The working conceptual model for the origin of solutes in the SM aquifer system is one of ascending brines from underlying formations and concentration increase over time by a combination of evaporation, mineral solution by recharge and density-driven free-convection circulating the solutes. This model was supported through critical hydrogeologic and geochemical parameters. Our approach looked at five separate, yet interconnected conceptual models: (1) the origin of water in the aquifer system; (2) origin of solutes in the aquifer system; (3) the age of deposition of the aquifer skeletal framework; (4) the start of the ground water flow in the aquifer system (the time parameter necessary for steady state solute mass-balance calculations); and (5) the hydrodynamic mechanism that drives the accumulation of solutes over time. We observed that these models have a higher success rate if placed in context of a control volume (representative portion of the aquifer parallel to the groundwater flow direction).

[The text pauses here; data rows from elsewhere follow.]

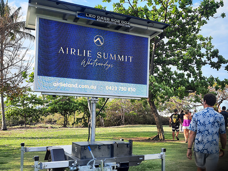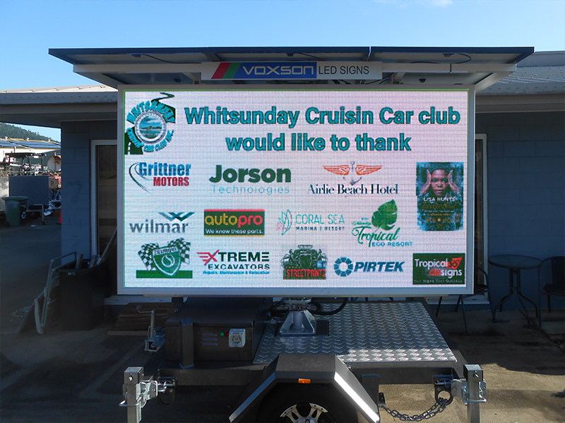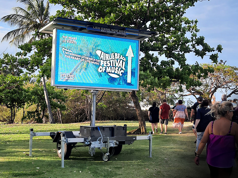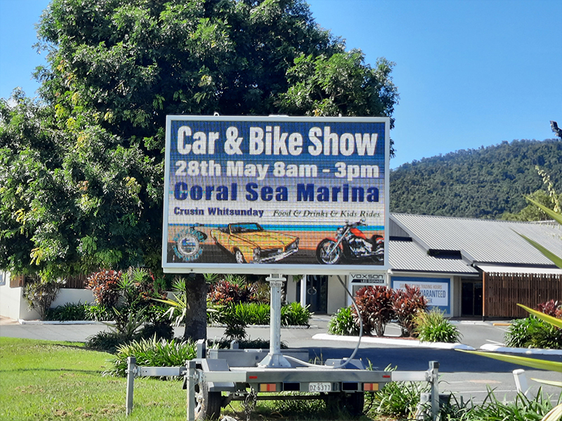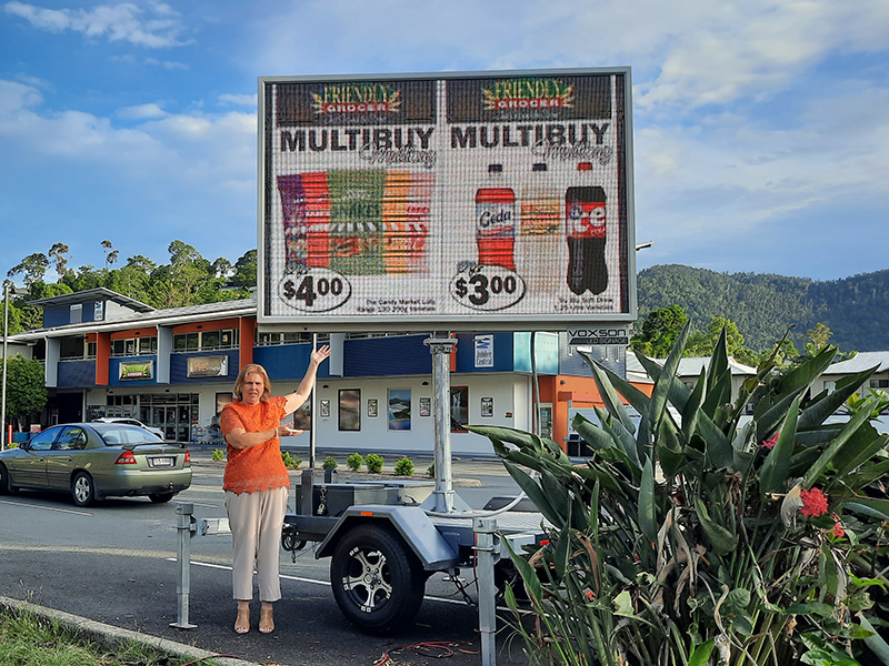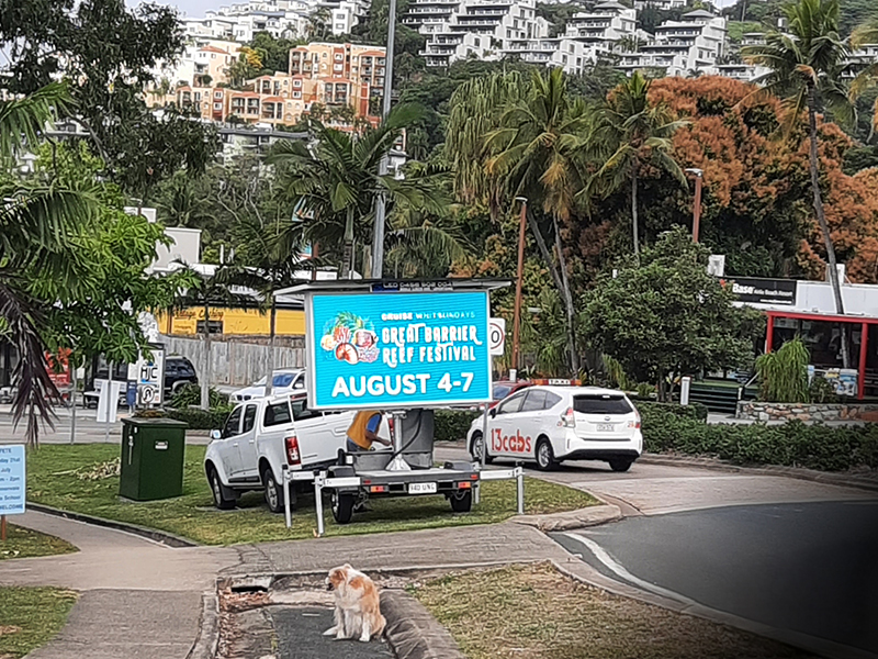 It’s a fresh new way to advertise in the Whitsundays! These trailer-mounted LED screens can display full-colour images and videos, and you can update your message quickly and easily.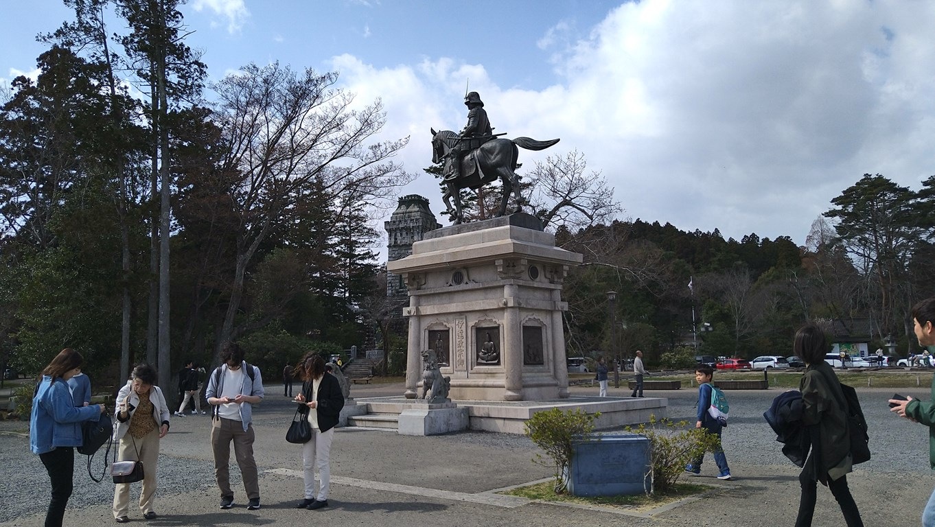 山頂に到着し、伊達政宗像などや仙台城本丸跡などを見学してから、宮城縣護国神社に参拝に行った。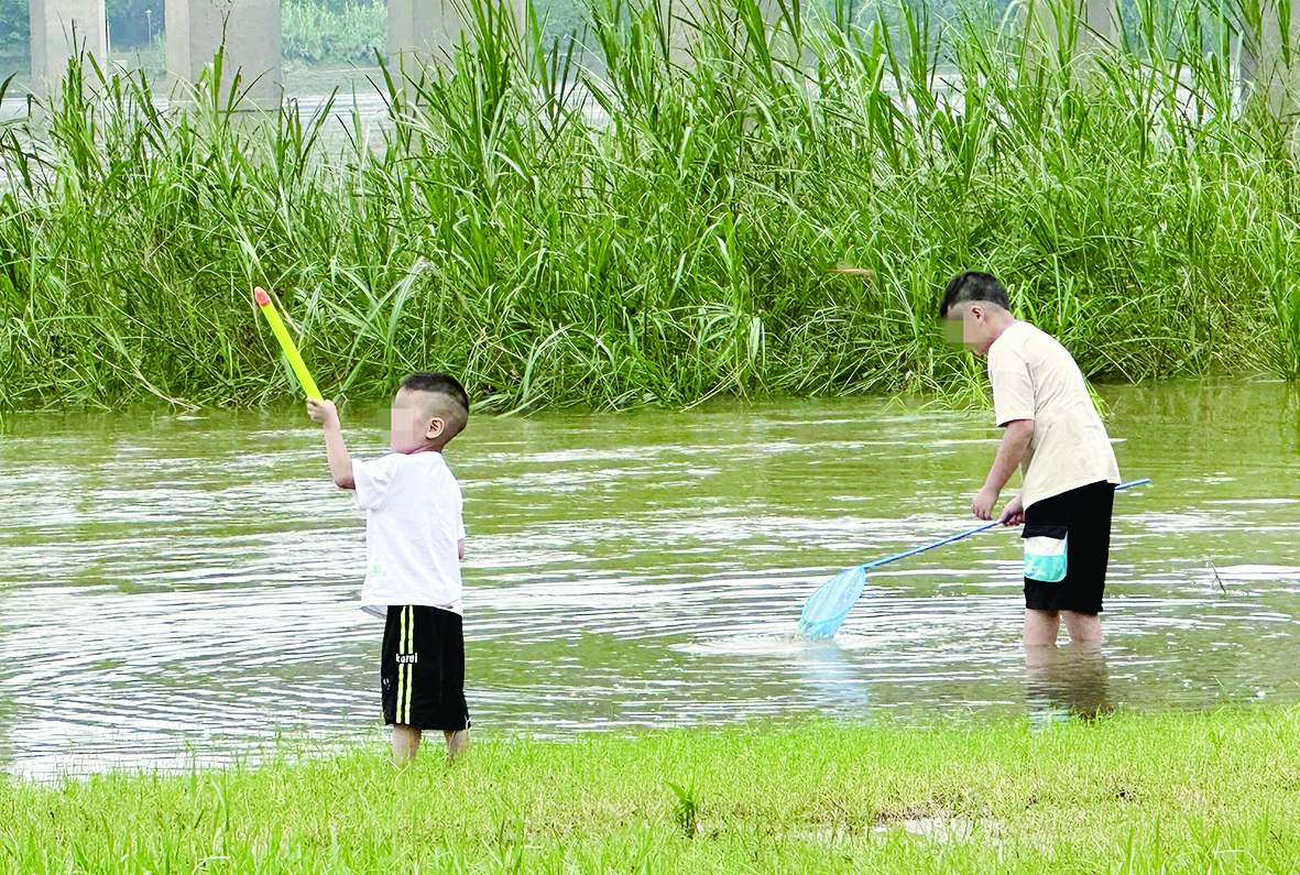 7月2日下午5时许,记者看到一名女性家长带着两名儿童在天元大桥下的江边玩耍。其中一名小学生模样的儿童拿着抄网,直接走进江水中打捞小鱼。另一名年龄更小的儿童,则拿着水枪不时弯腰在江水中灌水。而该家长却站在水边,时不时浏览手机,并未时刻关注孩子的位置。

While the above approach is perfectly general, the ease of sampling the SM aquifer and its unusual method of solute concentration is used in the following illustration: Consider first, the mass balance of water. Water may enter an aquifer from adjacent aquifers, from underlying or overlying aquifers, direct precipitation on the aquifer, runon to the aquifer from streams and adjacent highlands. Water may leave the aquifer by discharge to adjacent aquifer to underlying or overlying aquifers discharge to streams and by evapotranspiration. Consider secondly, the mass balance of solutes. Solutes may enter with the ground and surface water transport, from atmospheric precipitation, enter by diffusion, form by reaction of the water with the skeleton framework, enter the system by eolian process and may form by reaction with the gasses. Solute may leave the system as transported with the groundwater or surface flow, leave by diffusion, leave by mineral precipitation, leave by eolian process or leave as a gas phase. Water fluxes multiplied by their solute concentration give the solute fluxes into and out of the system. Consider thirdly, the geological age of the skeletal framework forming the sabkha aquifer. The vast majority of sediments presently in the SM aquifer can be considered Holocene in age, accumulated in a paleo-deltaic depositional environment formed by the ~140 m rise of the Gulf in the last 10,000 years combined with a huge source of continental fluvial sediments derived from the large (>250,000 km2) sabkha Matti drainage basin. Consider fourthly, the current topography and structural history of the area to determine the discharge time of water and solutes from the underlying formation. It is proposed that subsurface deformations (e.g., fractures, faults) associated with the late Pleistocene/Holocene uplift may have enhanced an upward leakage from the deeper confined aquifers to the SM aquifer. This interpretation is supported by outcrop observations of several connected fractures within the shallow geological Formations, which likely serve as preferential fluid migration pathways. Consider fifthly, the hydrodynamic mechanism of solute accumulation in which density-driven free-convection that recycles and thus, concentrates the solutes over time in the sabkha aquifer. The outcome of this study validates the usefulness and universal applicability of the ascending brine model to determine the source of water and solutes in sabkha environments.